O retorno das atividades presenciais nas escolas não cessou, mas trouxe formas contraditórias de usos da tecnologia da educação. A privatização do ensino médio-técnico na rede estadual paranaense, concedida ao grupo UNICESUMAR é uma face didática deste processo neoliberalizante. Estudantes dos cursos técnicos supervisionados por um tutor assistem, em uma televisão, aulas dadas por um professor que, remotamente, atende diversas turmas em um município ou região. Chama-se isso de “aula presencial com suporte de tecnologia”, um modo de disfarçar a precarização de um professor dando aulas simultaneamente para vinte turmas, via tela. Tal forma de educar causou diversas manifestações de estudantes em todo o estado, exigindo que professores os atendam presencialmente (APP Sindicato em 14/03/2022).

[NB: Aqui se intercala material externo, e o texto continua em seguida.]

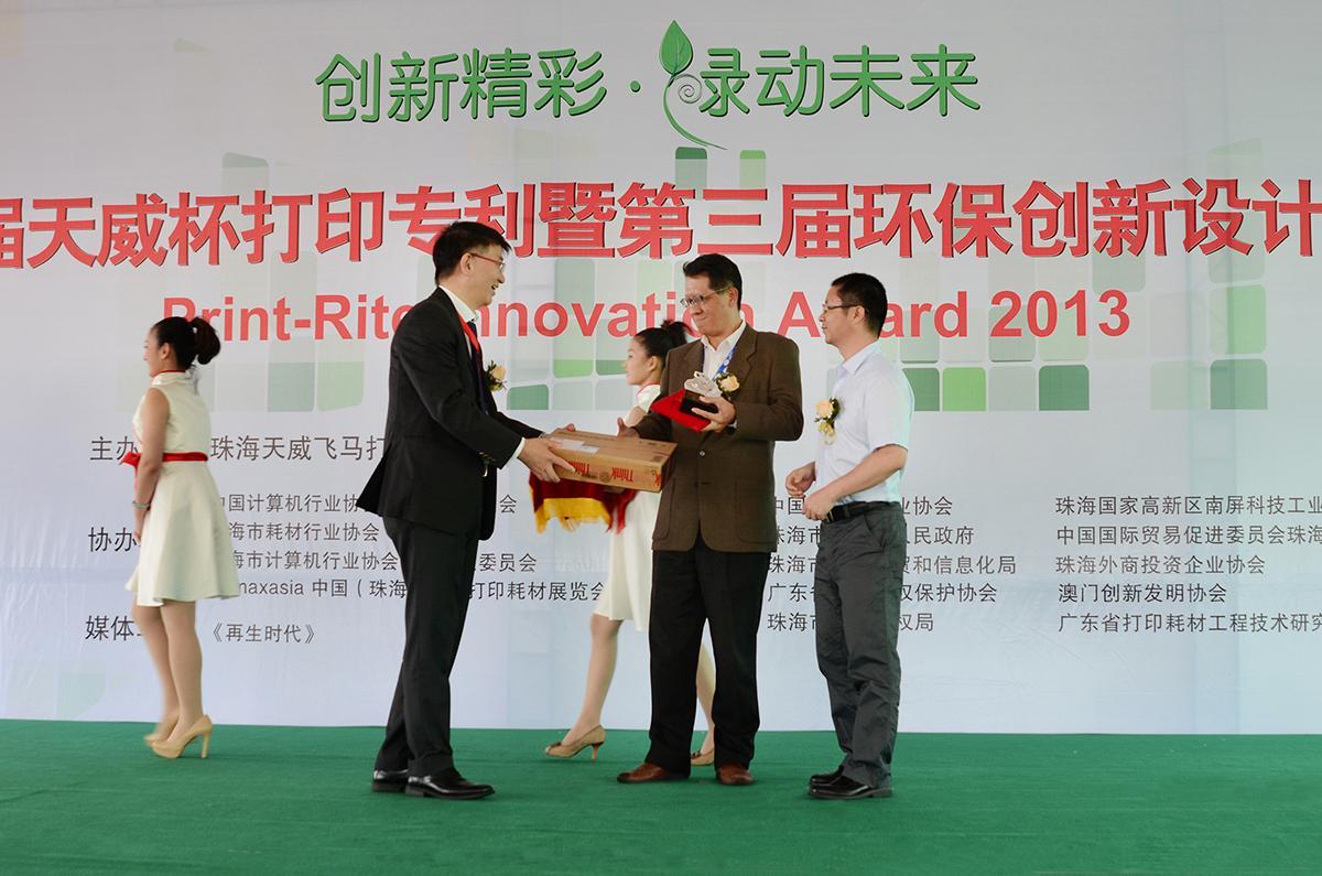 珠海2013年10月21日電 /美通社/ -- 10月17日,以“尊重知識(shí)產(chǎn)權(quán),推動(dòng)自主創(chuàng)新,共贏綠色經(jīng)濟(jì)”為宗旨的2013年第七屆“天威杯”打印專(zhuān)利暨第三屆環(huán)保創(chuàng)新設(shè)計(jì)大賽頒獎(jiǎng)典禮在中國(guó)國(guó)際打印耗材展覽會(huì)現(xiàn)場(chǎng)隆重舉行。5件打印專(zhuān)利作品分獲各類(lèi)“專(zhuān)利獎(jiǎng)”,6個(gè)對(duì)推動(dòng)通用耗材發(fā)展具有卓越貢獻(xiàn)的政府機(jī)構(gòu)、企事業(yè)單位榮膺各類(lèi)“美麗中國(guó)-綠色行動(dòng)公益獎(jiǎng)”。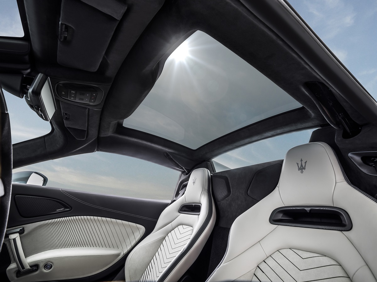 MC20 Cielo 最令人驚豔之處,莫過於電動硬頂敞篷設計,它採用獨創的先進智能變色玻璃,透過電控液晶玻璃(PDLC)調節,不論身處任何溫度環境,只需輕觸中控螢幕上按鍵,頂棚即可在透明與隱密之間隨心切換,並達到良好的隔熱效果。同時,這款獨領風潮的頂棚當車速在50 km/h内,僅需12秒即可輕鬆完成啟閉動作。藉由不同的模式切換,MC20 Cielo不管在頂棚開啟,亦或是頂棚閉合、切換至透明天景時,皆能感受到「Sky feeling」的設計理念,享受領略天際、陽光灑落的駕馭體驗。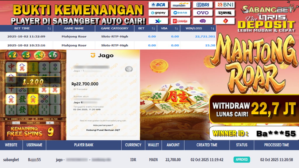 BUKTI KEMENANGAN 02 OKTOBER 2025 DI GAME MAHJONG ROAR WD 22,7 JUTA
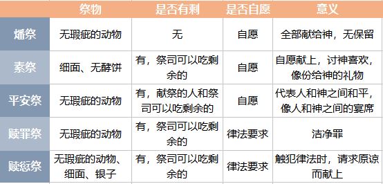 这五种献祭有些共同点——所有祭物都要求无瑕疵,五种献祭的目的都是讨神喜悦。
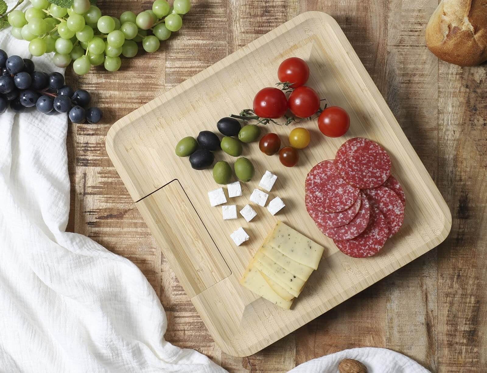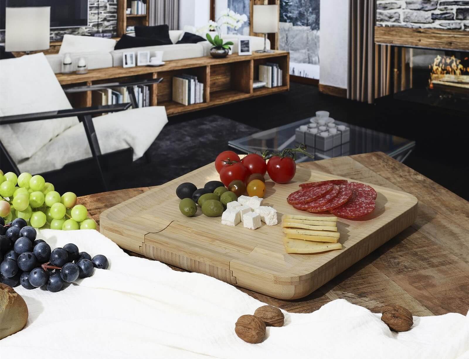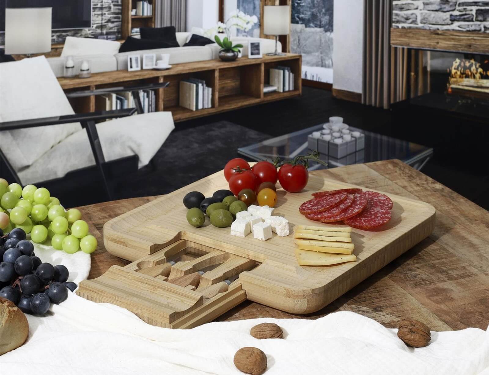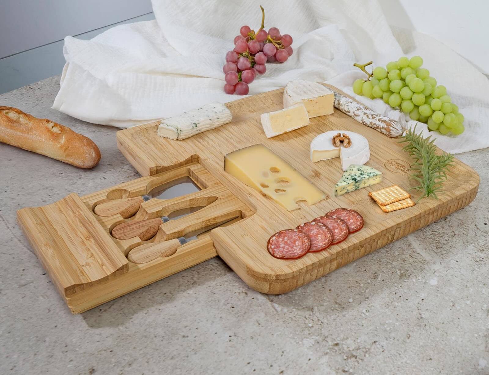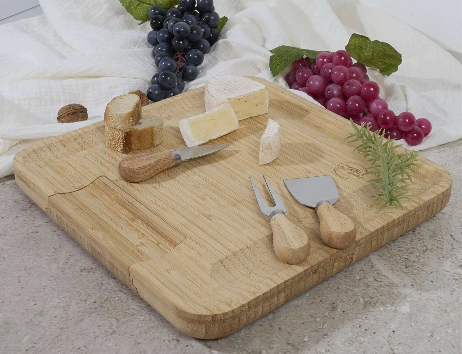 Πλατώ σερβιρίσματος τυριών Cook Concept με 3 μαχαίρια τυριού, συρτάρι αποθήκευσης και διαστάσεις 33x33x3cm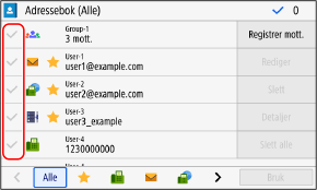 Redigere og slette mottakere i adresseboken (kontrollpanelet)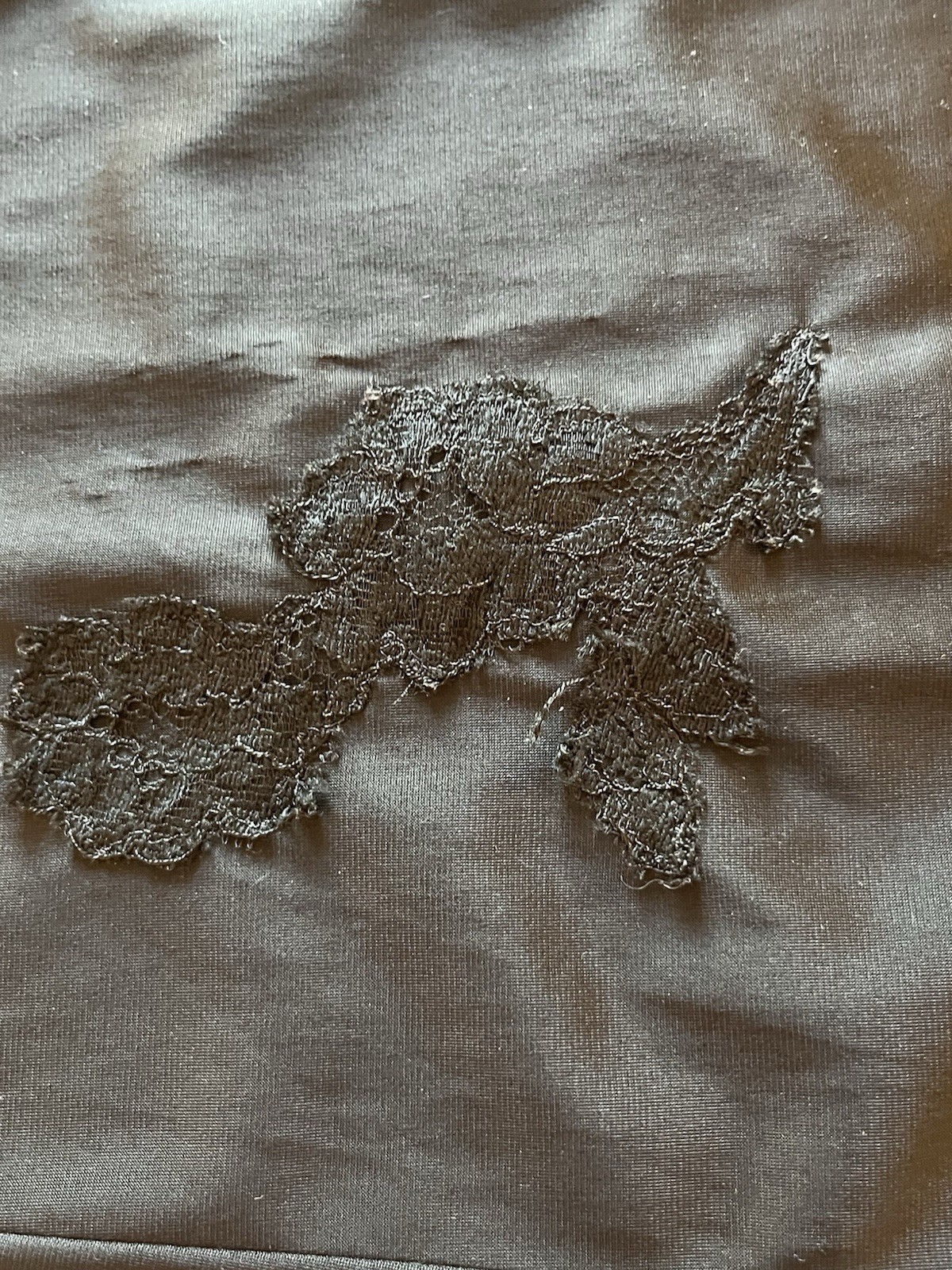 как выглядит Shadowline Sz32 Black Full Slip w/ Appliqu  Lace, Nylon, VTG фото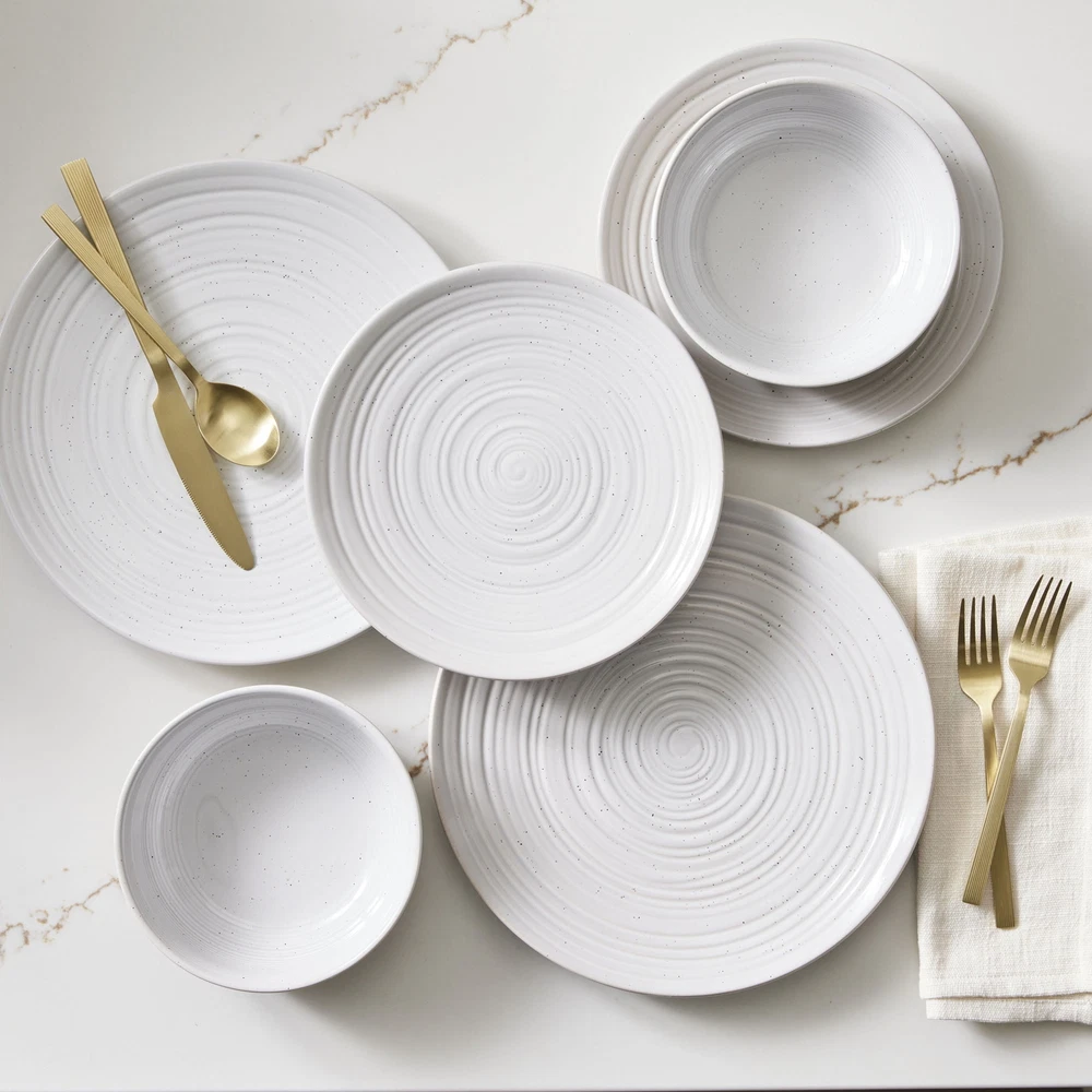 The Better Homes & Gardens Abbott Stoneware 12 Piece Dinnerware Set adds a warm, modern sophistication to all of your dinnertime gatherings. Crafted with high-quality, durable stoneware, this dinnerware collection features delicate speckles and exposed clay details that exude rustic charm. The contrast between the shiny, glazed stone and matte, exposed clay creates an artisanal flair that elevates any dining experience. Designed in beloved neutral tones, this set easily complements just about any home decor style. On Dec 2, 2024 at 00:54:42 PST, seller added the following information: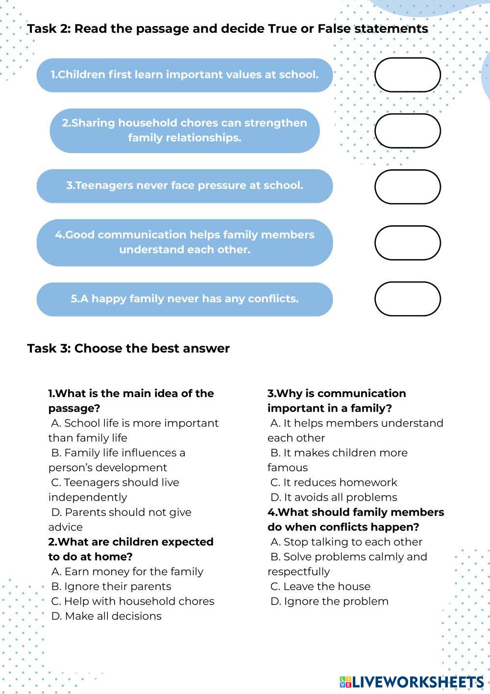 Created by phngn English Language High School 10th grade Reading Comprehension English Author's Instructions Read carefully each task and do the task My Google Classroom Courses × 0 classes selected (0 students total) Quick Access Select all classes (0 classes) All Classes Loading courses... Cancel Share Share to selected Course __COURSE_NAME__ __STUDENT_NAME__ (__STUDENT_EMAIL__) UNIT 1: FAMILY LIFE Download Worksheet Validation Check my answers Emails my answers to my teacher Full name Group/level School subject Teacher's email or key code Close Submit Validating worksheet... (12) Your answers have been sent to your teacher. Good luck! OK We encountered an error submitting your answers. Please try again. OK Advertisement | Go Ad Free Created by phngn English Language High School 10th grade Reading Comprehension English Author's Instructions Read carefully each task and do the task Explore Worksheets UTLT - TA2304 - Reading - Nguyen Ngoc Phuong Thuy English Language 10th grade UTLT - TA2304 - Reading - Nguyen Ngoc Phuong Thuy Reading Comprehension - English Language Read the passage and do the following tasks. Is it goo to be bored? English Language 10th grade Is it goo to be bored? Reading Comprehension - English Language Read the text and answer the questions What is the Internet? English Language 10th grade What is the Internet? Reading Comprehension - English Language Read carefully and then answer the questions about the reading. Signs in English English Language 10th grade Signs in English Reading Comprehension - English Language Read the signs and instructions then match them with the correct meaning.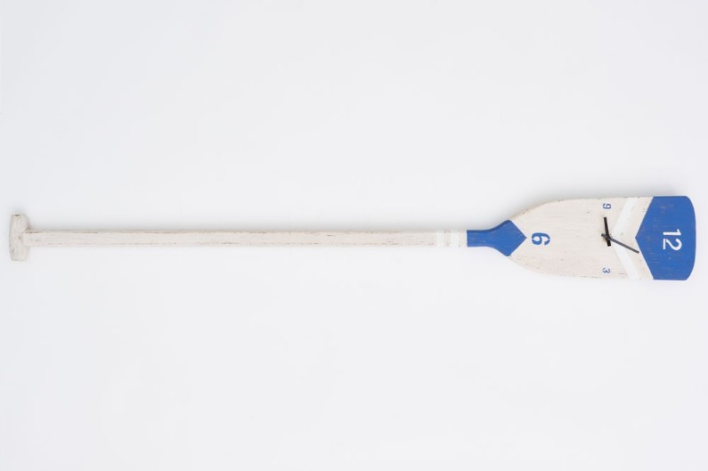 Orologio al quarzo su pala in legno realizzato e dipinto a mano. Decora la tua casa, ristorante o hotel con questo orologio di ispirazione nautica.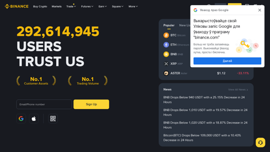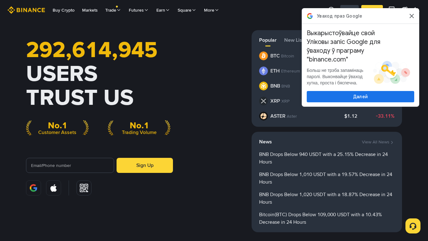 | SEO-описание | Binance, the largest crypto exchange by trading volume, serves 250M+ users in 180+ countries. With 350+ listed altcoins, it is the world's leading crypto exchange. |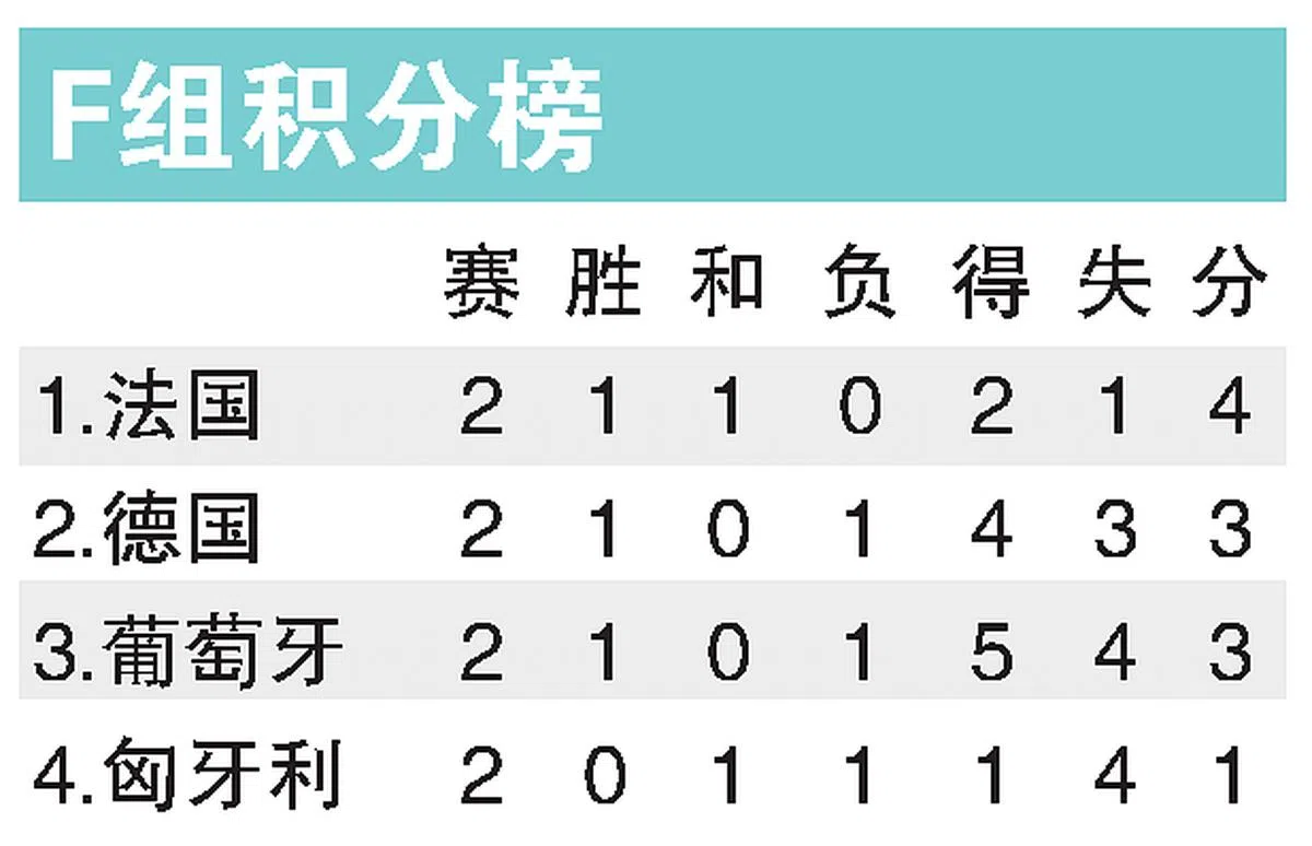 目前在F组中,法国以四分排名第一,德国和葡萄牙同积三分,分列第二和第三位,匈牙利以一分忝陪末席,四队都还有晋级16强赛的希望。在最后一轮小组赛中,德国将碰上匈牙利,法国将与葡萄牙交锋。

O Estado do Paraná tem se tornado referência negativa no país inteiro quando se refere à aplicação e formatação da Base Nacional Curricular Comum (BNCC) na rede estadual, como pudemos observar nos slides preparados para a disciplina de Empreendedorismo que diferenciava as pessoas em dois perfis: as com mentalidade de rico e as com mentalidade de pobre, colocando a culpa da pobreza sobre os pobres, e não como fruto do sistema social em que vivemos e também como responsabilidade do Estado, conforme na imagem abaixo:
O caso tomou proporções nacionais, sendo repercurtido nas mídias de todo o país. Mais recentemente, em matéria sobre o tema do uso de sistemas de Inteligência artificial nas escolas, mais uma vez a educação paranaense aparece como referência negativa no jornal Folha de São Paulo, quedestaca o seguinte sobre a plataforma educativa Redação Paraná:
O Redação Paraná é alvo de uma série de críticas dos educadores que o utilizam. “A plataforma surgiu com muitos problemas, inclusive para formatar os textos. Além disso, só consegue evitar o plágio entre as redações dos próprios alunos, não detecta cópias de conteúdos externos”, afirmou Cláudia Gruber, 54, que é mestre em estudos literários pela Universidade Federal do Paraná, professora da rede pública paranaense há 30 anos e atualmente dá aulas de redação para o 3º ano do ensino médio.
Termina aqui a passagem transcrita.